* DATA SUPPLIED *

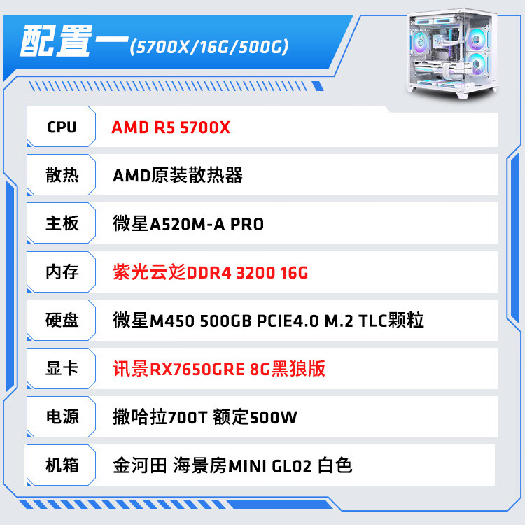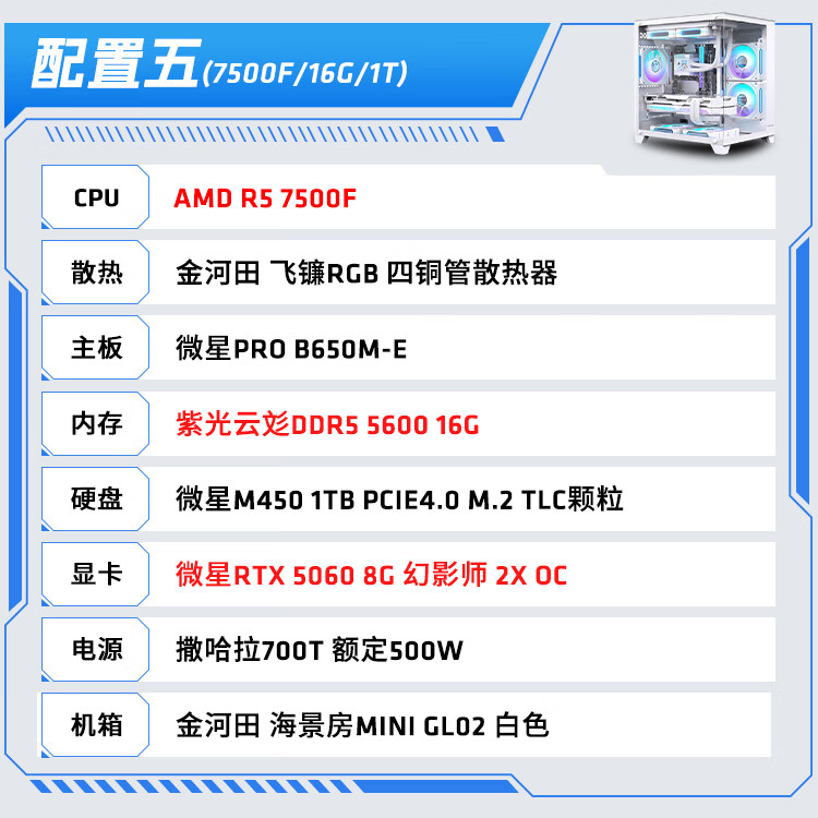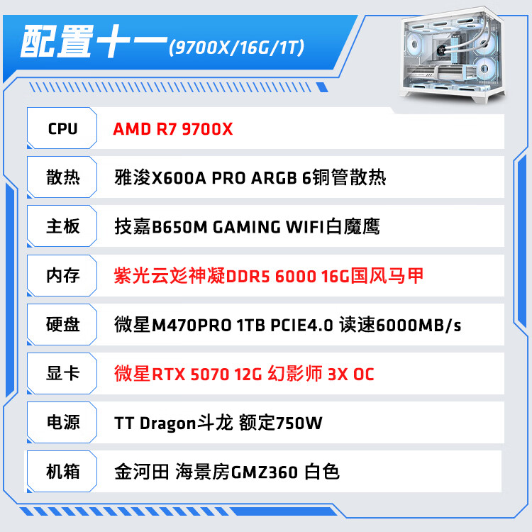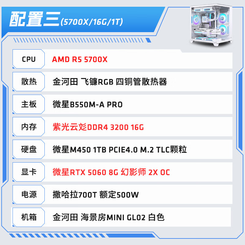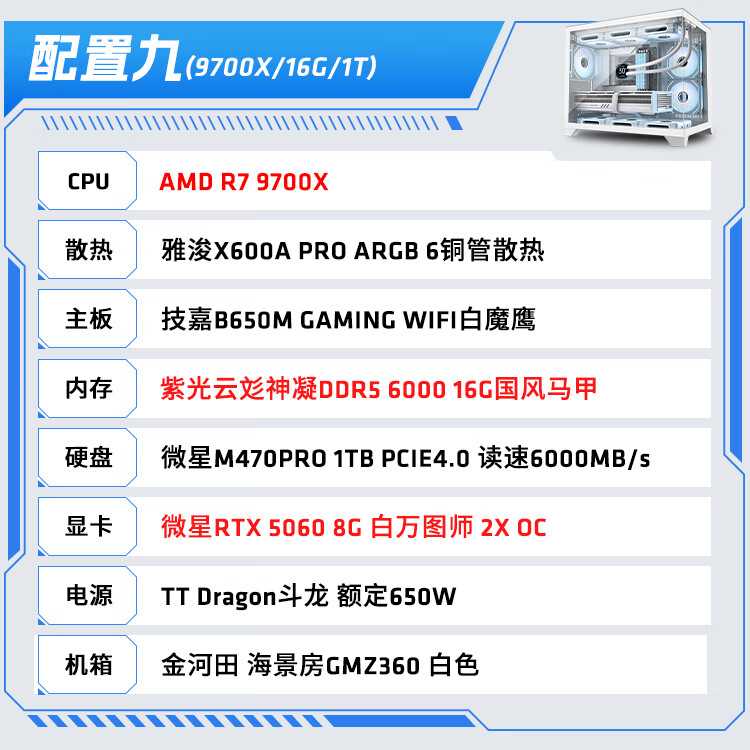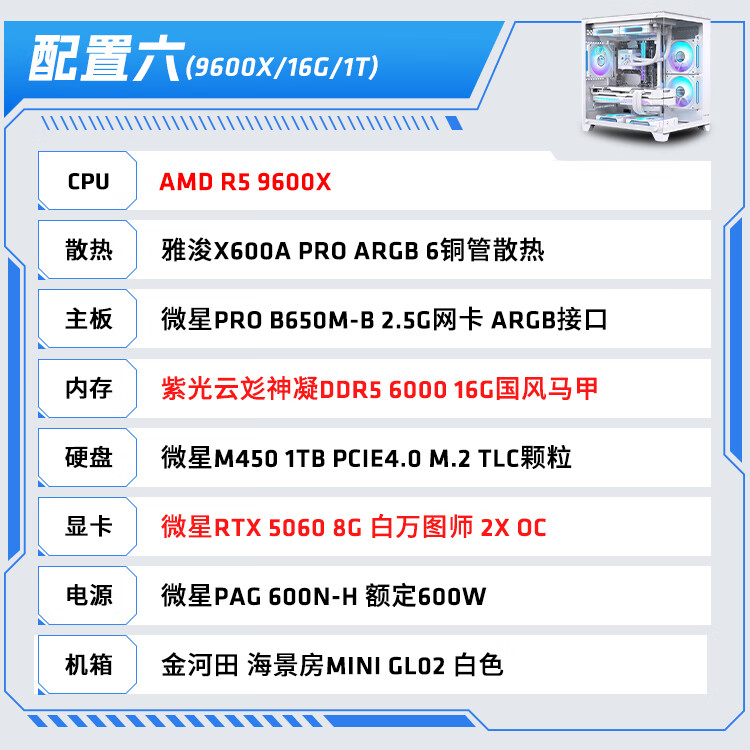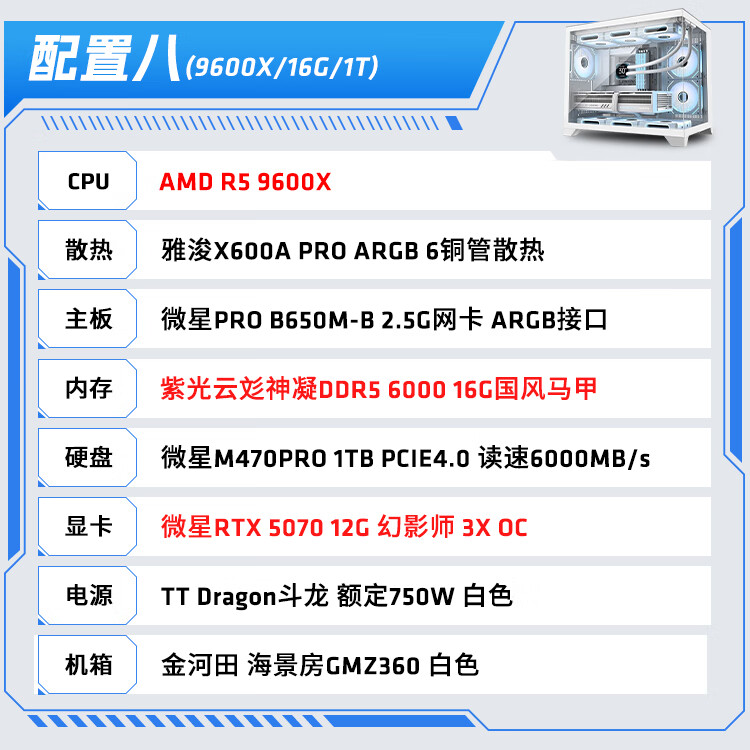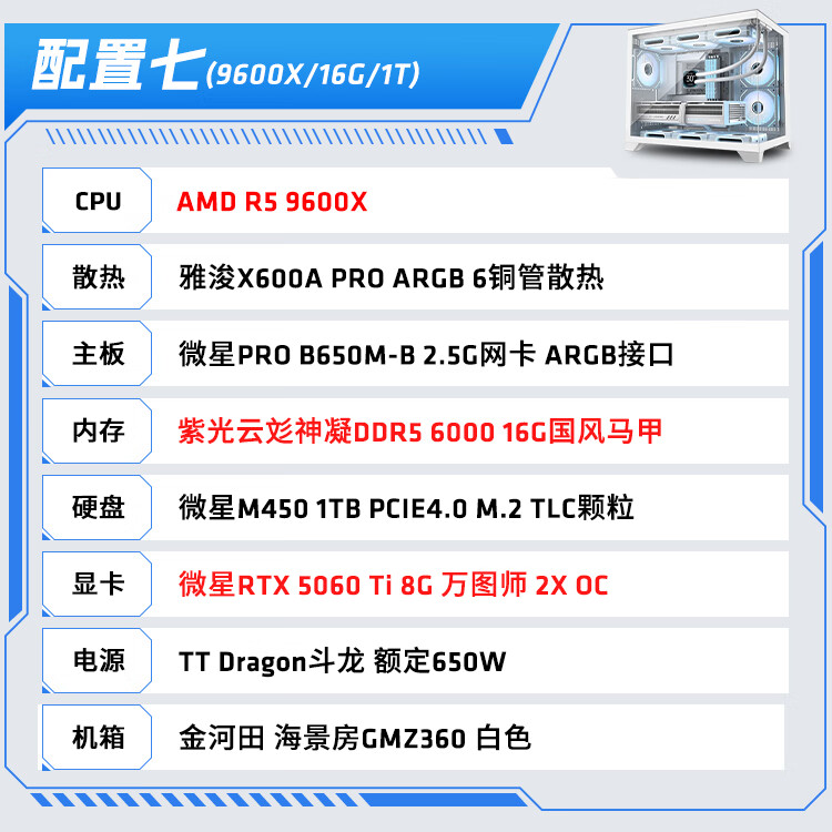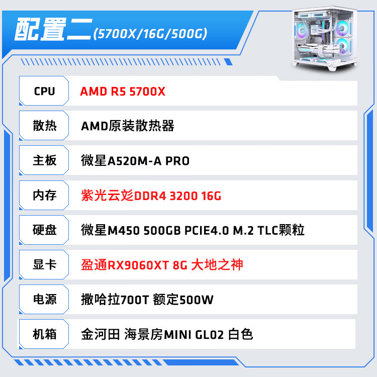 AMD Ryzen R5 9600X/R7 5700X white sea view room RTX 5060/5060TI graphics card game live broadcast desktop computer host assembly computer DIY assembly machine configuration two R7 5700X+RX9060XT host
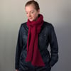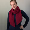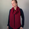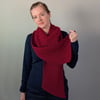 The pattern includes an option for a bias scarf, shown in red, which has increases at the start and decreases at the end of every RS row, or a regular scarf, shown in grey. It includes instructions for both DK and Worsted weight yarns in both versions.
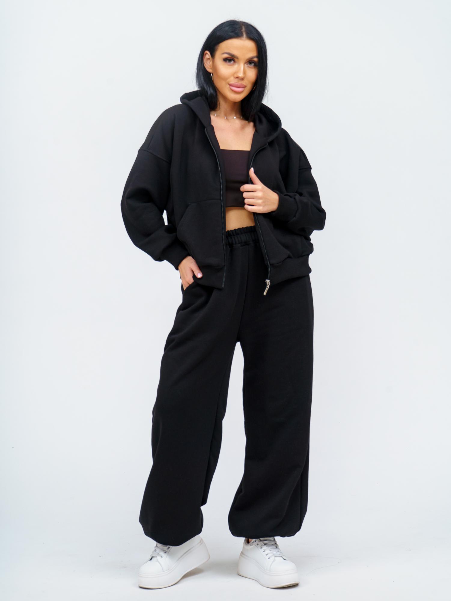 Женский костюм из футера с микроначесом — идеальный выбор для комфорта и стиля в любое время года. Толстовка с капюшоном оснащена молнией и удобными карманами. Брюки свободного кроя имеют эластичную талию, регулируемые бедра и затяжки внизу штанин. Материал мягкий, теплый и приятный к телу, легко стирается и сохраняет форму. Универсален для спорта, дома и повседневного использования. Стильно, комфортно и практично — ваш новый любимый образ!
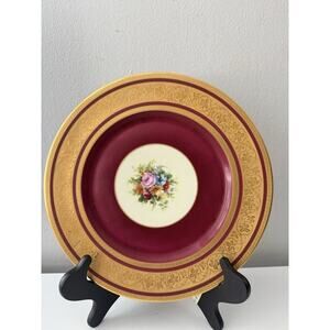 Set of 8 Heinrich Selb Bavaria Germany Plates Floral Embossed Gold Burgundy
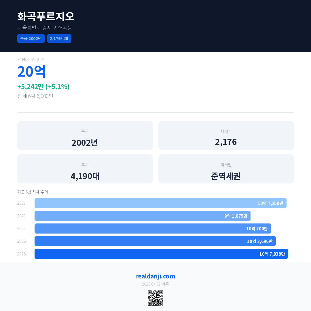 화곡푸르지오 국민평형 기준 2026년 평균 거래가는 10억 7,938만으로, 전년 대비 5.1% 상승 했습니다.
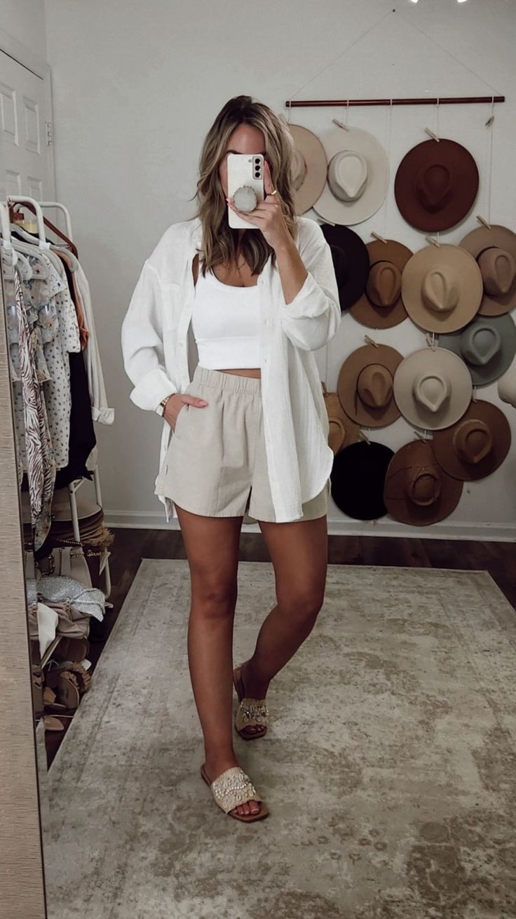 - Beige Linen Shorts: Their loose cut ensures comfort on the hottest days.
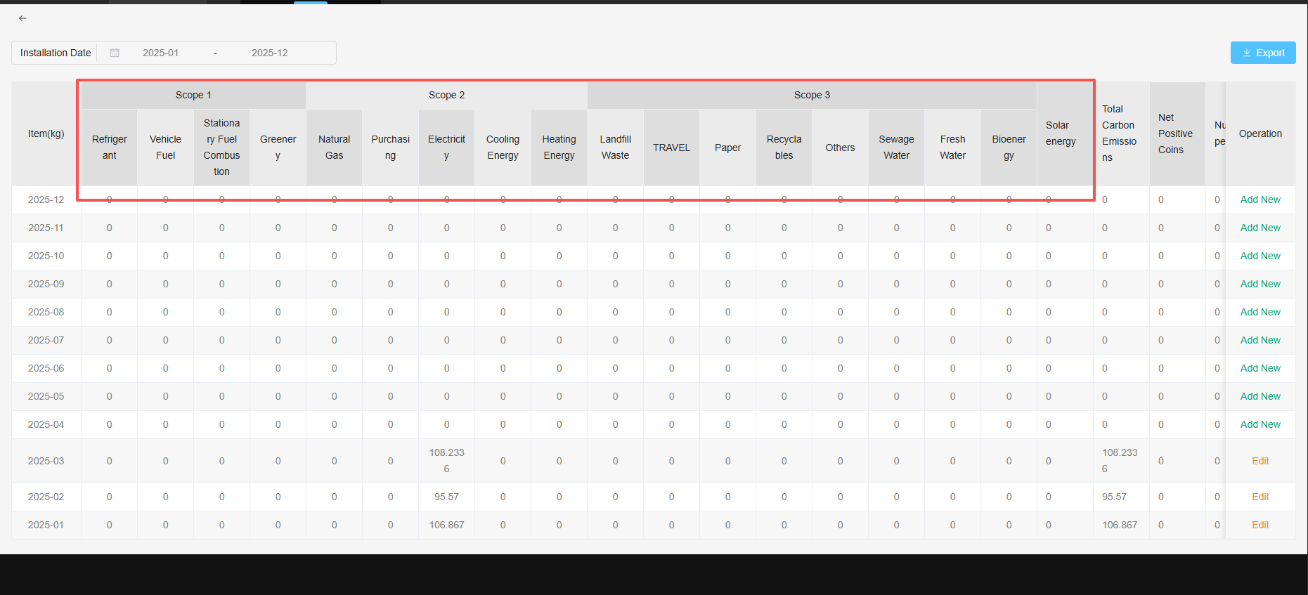 预期结果:进入 Energy 应用,选择对应空间(Space)查看到相关能耗数据记录,且能够完成数据(如用电量、碳排放)的手动录入。
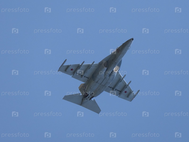 Москва Россия Аэродром Жуковский 31 августа 2019 года: пилотажный Як-130 выполняет демонстрационный полет международного аэрокосмического салона МАКС-2019

* YOUR ASSIGNMENT *
Please print the data above in its entirety, exactly, but without any picture.

* THE ANSWER *
 AMD Ryzen R5 9600X/R7 5700X white sea view room RTX 5060/5060TI graphics card game live broadcast desktop computer host assembly computer DIY assembly machine configuration two R7 5700X+RX9060XT host
 The pattern includes an option for a bias scarf, shown in red, which has increases at the start and decreases at the end of every RS row, or a regular scarf, shown in grey. It includes instructions for both DK and Worsted weight yarns in both versions.
 Женский костюм из футера с микроначесом — идеальный выбор для комфорта и стиля в любое время года. Толстовка с капюшоном оснащена молнией и удобными карманами. Брюки свободного кроя имеют эластичную талию, регулируемые бедра и затяжки внизу штанин. Материал мягкий, теплый и приятный к телу, легко стирается и сохраняет форму. Универсален для спорта, дома и повседневного использования. Стильно, комфортно и практично — ваш новый любимый образ!
 Set of 8 Heinrich Selb Bavaria Germany Plates Floral Embossed Gold Burgundy
 화곡푸르지오 국민평형 기준 2026년 평균 거래가는 10억 7,938만으로, 전년 대비 5.1% 상승 했습니다.
 - Beige Linen Shorts: Their loose cut ensures comfort on the hottest days.
 预期结果:进入 Energy 应用,选择对应空间(Space)查看到相关能耗数据记录,且能够完成数据(如用电量、碳排放)的手动录入。
 Москва Россия Аэродром Жуковский 31 августа 2019 года: пилотажный Як-130 выполняет демонстрационный полет международного аэрокосмического салона МАКС-2019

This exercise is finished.